======== Given information

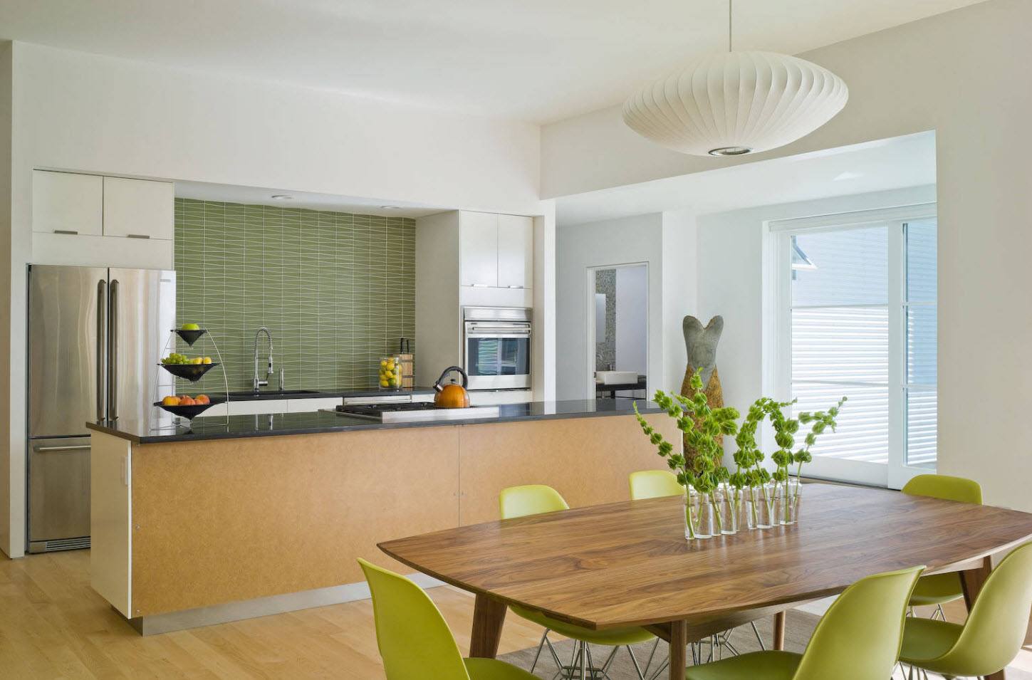 Прием зонирования пространства помогает отделить столовую от кухни. Самый простой способ – это визуальное выделение, к примеру, как на фото – установить обеденный гарнитур немного в стороне от рабочей зоны.
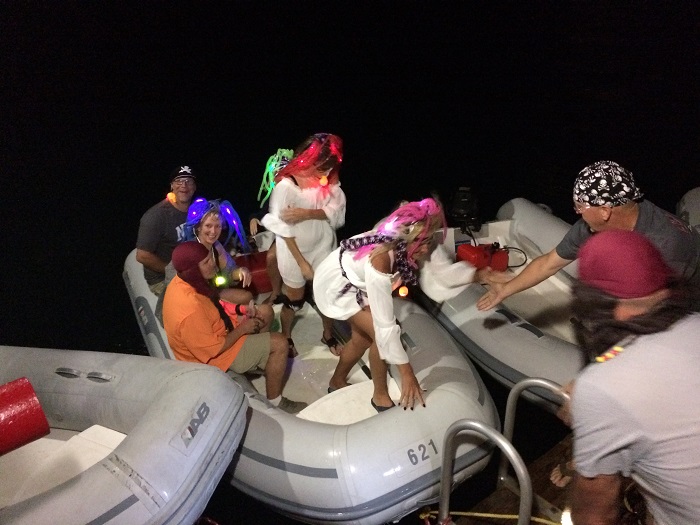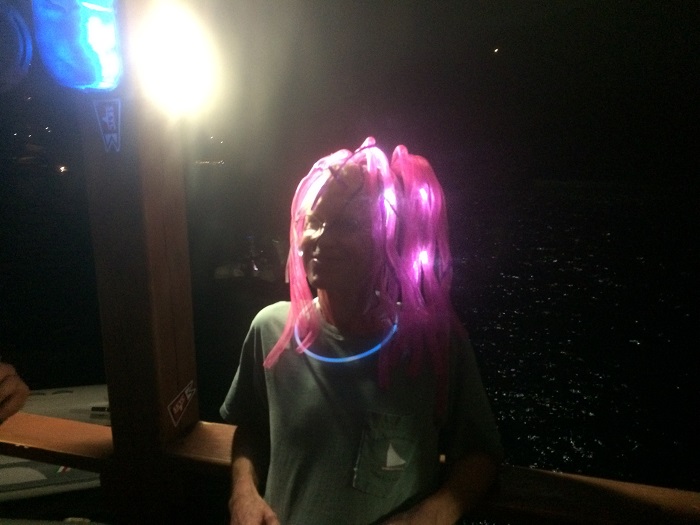 As the evening wore on, I was even lent one of those lovely flashing hairpieces.  Even when I was all dressed up and totally awesome, I was only asked to dance once and by a Brit in her late 60s.  Perhaps she thought I too was a mini Oligarch.  I did my best not to break her bubble.   I don’t know, seemed like some sort of angelic halo to me.  For sure, compared to the “dink nappers” was was a perfect angel.Norman’s Island is a must stop spot for charterers and the beach bar, well very nice and with GREAT WIFI.   I recall clearly that I had fun.  However, I have a feeling that many of Willy’s customers, while they aren’t sure what they did they were pretty sure that it was fun too.   Better them than me.
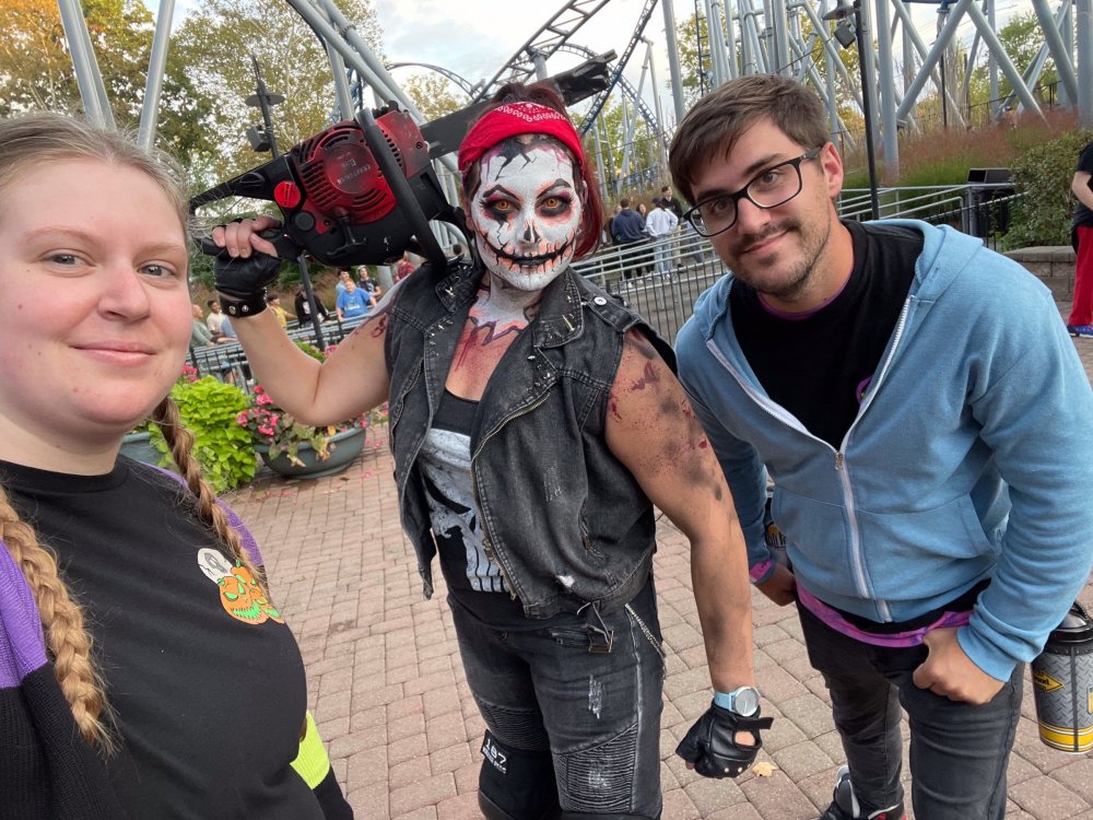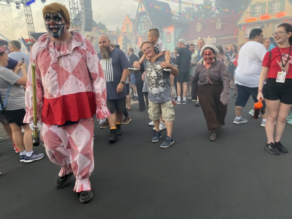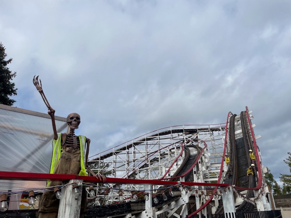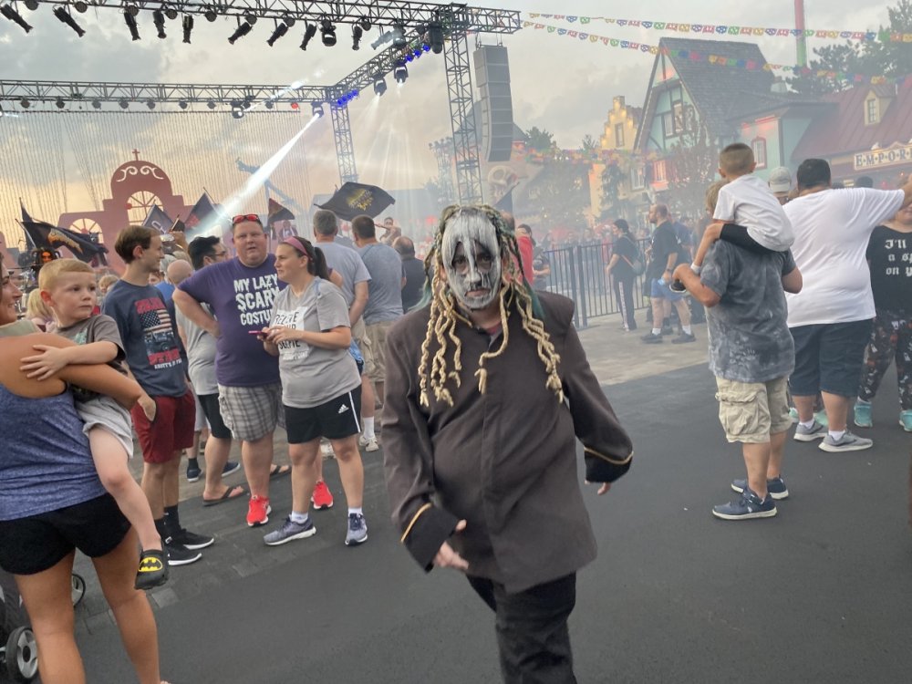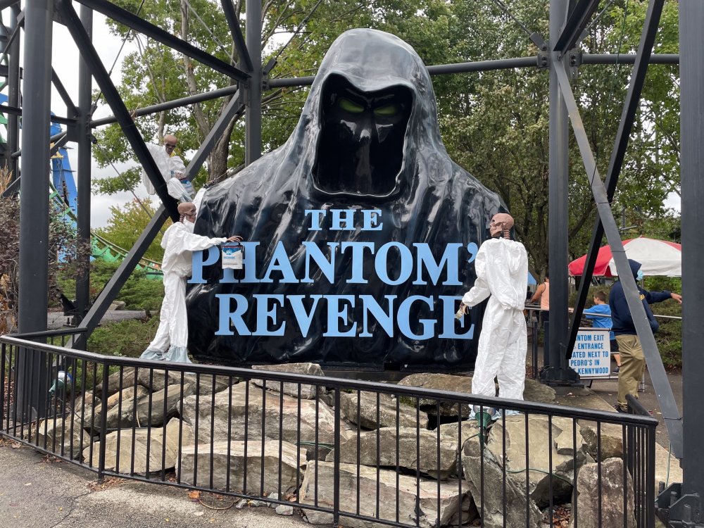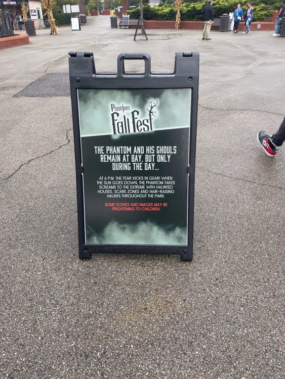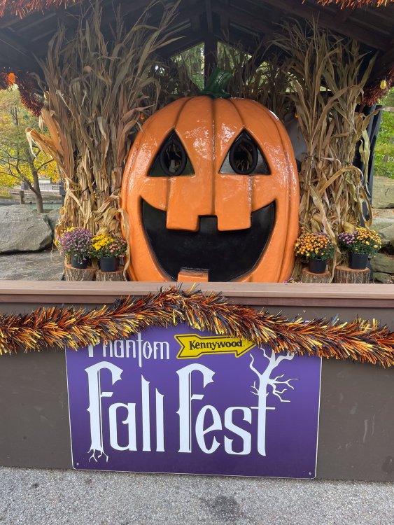 Cassy and Travis's Trip Report for Phantom Fall Fest Preview : Yesterday Travis and I attended Kennywood's Preview event for their new halloween event, Phantom Fall Fest. We have spent a lot of time at Kennywood, but have not been to their halloween events, so we didn't know what to expect! From my understanding, they used to have two separate halloween events; one for kids in the day, then they would close and reopen for the haunt event in the evening. Kennywood's new event Phantom Fall Fest combines the two events and lets families enjoy the festivities during the day and at 6pm the haunting starts, so families with small children know when to leave if they needed to. They had five mazes: 1. Villa of the Vampire-vampire themed maze that takes place in the arcade building, they clear out all the arcade machines and build this maze inside the building, very well themed! (I liked the skull wall) 2. Shady Grove Memorial Hospital-you are going undercover through this maze, to see what's going on with the patients and hospital staff, there's rumors of an evil doctor (where did all their eyes go?) 3. Dark Shadows- this is their "blackout" maze, which was the first of these that I've been in that was outdoors, and we went when it was slightly light outside and we still couldn't see anything! (I love these kind of mazes) 4. Kennyville Cemetery- Very cool cemetery themed maze, located at the front of the park (loved the ghost in the water!) 5. Voodoo Bayou-cool voodoo themed maze that takes place in the rapids ride, they empty out the water and you get to walk around where the water was which I thought was really cool! Also we were told they use their old dying plants from the season as decor for the maze! They also had four scare zones: 1. Fear Fest- this is a carnival themed walkthrough section where the kangaroo used to be (rip kangaroo) 2. Manor Estate Sale- cool little area that makes it seem like you are in someones house looking at their belongings 3. Hellbilly Hollow-name says it all, your classic hillbilly-zombie themed area, some very good scare actors! (they were always chasing someone) 4. The Departing-the final walkthrough, this takes place in the tunnel when you leave the park, they put scare actors in the tunnel and pump up the fog! (this starts later in the evening, I think 90 minutes before they close) Here are pictures from our evening: Kenny was in his halloween best! love sky rocket! such a fun ride next was phantoms revenge, loved the theming of decor since they are currently working on painting the track the purple track looks cool! sad that this ride was blocked off, but thought it was funny they decorated the blocked off area had to try the "scary waffle cone" you could choose the ice cream flavor, then it had orange sprinkles and gummy worms for the preview we tried some of the new seasonal offerings they have this year such as roasted corn, turkey legs, hamburger steak, and spooky desserts! Noah's ark is one of my favorite attractions here, its so unique! have to ride the whip! such a great ride! Lots of photo-op areas everywhere! picture of the voodoo bayou sign in the day, this was my favorite sign for the mazes I loved the effort they put into theming the haunt decor to what was going on, these guys are doing a little construction! Next for the preview event, we went on a behind the scenes tour of Villa of the Vampire. Like I said before, this maze was inside the arcade area and is built from scratch every year after they move all the arcade machines out. Super cool to see all the detail you don't get to admire when the maze is dark (and avoiding vampires). I thought Laffin' Sal was scary as she was! Now she's hanging out with the vampires! this is the main room where they explain the rules of the maze we got to go where the scare actors go, and see all the doors and windows they use Mark showing off one of the secret doors my favorite area! I want the skull wall for my house! the woman in the picture on the wall was an employee for that attraction for years before she passed away and they honor her by putting her photo in the room where she worked the most gotta take that spooky mirror selfie! one of the cool effects they use for the bug rooms is they have fishing wire that brushes against your face and hair making you feel like you're walking through webs Then we got to go behind the scenes and see makeup being done on scare actors, and look at some of their masks and props they use to transform scare actors for the the night! had to get some pictures back there too! this is where they work on everything for the upkeep on their wooden coasters RIP Also RIP (I really miss this one) Glad we went on this earlier in the day cause the whale was full! love seeing real chainsaws being used for haunts! they pumped fog into the carousel, I thought this was a really cool touch! we left a little earlier than when they started this walkthrough area, but there were some scare actors at the end of the tunnel had to take a spooky tunnel selfie Overall we had a good time, and really enjoyed the night! Our favorite maze was Voodoo Bayou, and we loved that all the areas had a ton of fog and really good scare actors! This is a great family event, with something for everyone to enjoy! -

================

An exact transcription of the data above is needed, without the pictures.

 Прием зонирования пространства помогает отделить столовую от кухни. Самый простой способ – это визуальное выделение, к примеру, как на фото – установить обеденный гарнитур немного в стороне от рабочей зоны.
 As the evening wore on, I was even lent one of those lovely flashing hairpieces.  Even when I was all dressed up and totally awesome, I was only asked to dance once and by a Brit in her late 60s.  Perhaps she thought I too was a mini Oligarch.  I did my best not to break her bubble.   I don’t know, seemed like some sort of angelic halo to me.  For sure, compared to the “dink nappers” was was a perfect angel.Norman’s Island is a must stop spot for charterers and the beach bar, well very nice and with GREAT WIFI.   I recall clearly that I had fun.  However, I have a feeling that many of Willy’s customers, while they aren’t sure what they did they were pretty sure that it was fun too.   Better them than me.
 Cassy and Travis's Trip Report for Phantom Fall Fest Preview : Yesterday Travis and I attended Kennywood's Preview event for their new halloween event, Phantom Fall Fest. We have spent a lot of time at Kennywood, but have not been to their halloween events, so we didn't know what to expect! From my understanding, they used to have two separate halloween events; one for kids in the day, then they would close and reopen for the haunt event in the evening. Kennywood's new event Phantom Fall Fest combines the two events and lets families enjoy the festivities during the day and at 6pm the haunting starts, so families with small children know when to leave if they needed to. They had five mazes: 1. Villa of the Vampire-vampire themed maze that takes place in the arcade building, they clear out all the arcade machines and build this maze inside the building, very well themed! (I liked the skull wall) 2. Shady Grove Memorial Hospital-you are going undercover through this maze, to see what's going on with the patients and hospital staff, there's rumors of an evil doctor (where did all their eyes go?) 3. Dark Shadows- this is their "blackout" maze, which was the first of these that I've been in that was outdoors, and we went when it was slightly light outside and we still couldn't see anything! (I love these kind of mazes) 4. Kennyville Cemetery- Very cool cemetery themed maze, located at the front of the park (loved the ghost in the water!) 5. Voodoo Bayou-cool voodoo themed maze that takes place in the rapids ride, they empty out the water and you get to walk around where the water was which I thought was really cool! Also we were told they use their old dying plants from the season as decor for the maze! They also had four scare zones: 1. Fear Fest- this is a carnival themed walkthrough section where the kangaroo used to be (rip kangaroo) 2. Manor Estate Sale- cool little area that makes it seem like you are in someones house looking at their belongings 3. Hellbilly Hollow-name says it all, your classic hillbilly-zombie themed area, some very good scare actors! (they were always chasing someone) 4. The Departing-the final walkthrough, this takes place in the tunnel when you leave the park, they put scare actors in the tunnel and pump up the fog! (this starts later in the evening, I think 90 minutes before they close) Here are pictures from our evening: Kenny was in his halloween best! love sky rocket! such a fun ride next was phantoms revenge, loved the theming of decor since they are currently working on painting the track the purple track looks cool! sad that this ride was blocked off, but thought it was funny they decorated the blocked off area had to try the "scary waffle cone" you could choose the ice cream flavor, then it had orange sprinkles and gummy worms for the preview we tried some of the new seasonal offerings they have this year such as roasted corn, turkey legs, hamburger steak, and spooky desserts! Noah's ark is one of my favorite attractions here, its so unique! have to ride the whip! such a great ride! Lots of photo-op areas everywhere! picture of the voodoo bayou sign in the day, this was my favorite sign for the mazes I loved the effort they put into theming the haunt decor to what was going on, these guys are doing a little construction! Next for the preview event, we went on a behind the scenes tour of Villa of the Vampire. Like I said before, this maze was inside the arcade area and is built from scratch every year after they move all the arcade machines out. Super cool to see all the detail you don't get to admire when the maze is dark (and avoiding vampires). I thought Laffin' Sal was scary as she was! Now she's hanging out with the vampires! this is the main room where they explain the rules of the maze we got to go where the scare actors go, and see all the doors and windows they use Mark showing off one of the secret doors my favorite area! I want the skull wall for my house! the woman in the picture on the wall was an employee for that attraction for years before she passed away and they honor her by putting her photo in the room where she worked the most gotta take that spooky mirror selfie! one of the cool effects they use for the bug rooms is they have fishing wire that brushes against your face and hair making you feel like you're walking through webs Then we got to go behind the scenes and see makeup being done on scare actors, and look at some of their masks and props they use to transform scare actors for the the night! had to get some pictures back there too! this is where they work on everything for the upkeep on their wooden coasters RIP Also RIP (I really miss this one) Glad we went on this earlier in the day cause the whale was full! love seeing real chainsaws being used for haunts! they pumped fog into the carousel, I thought this was a really cool touch! we left a little earlier than when they started this walkthrough area, but there were some scare actors at the end of the tunnel had to take a spooky tunnel selfie Overall we had a good time, and really enjoyed the night! Our favorite maze was Voodoo Bayou, and we loved that all the areas had a ton of fog and really good scare actors! This is a great family event, with something for everyone to enjoy! -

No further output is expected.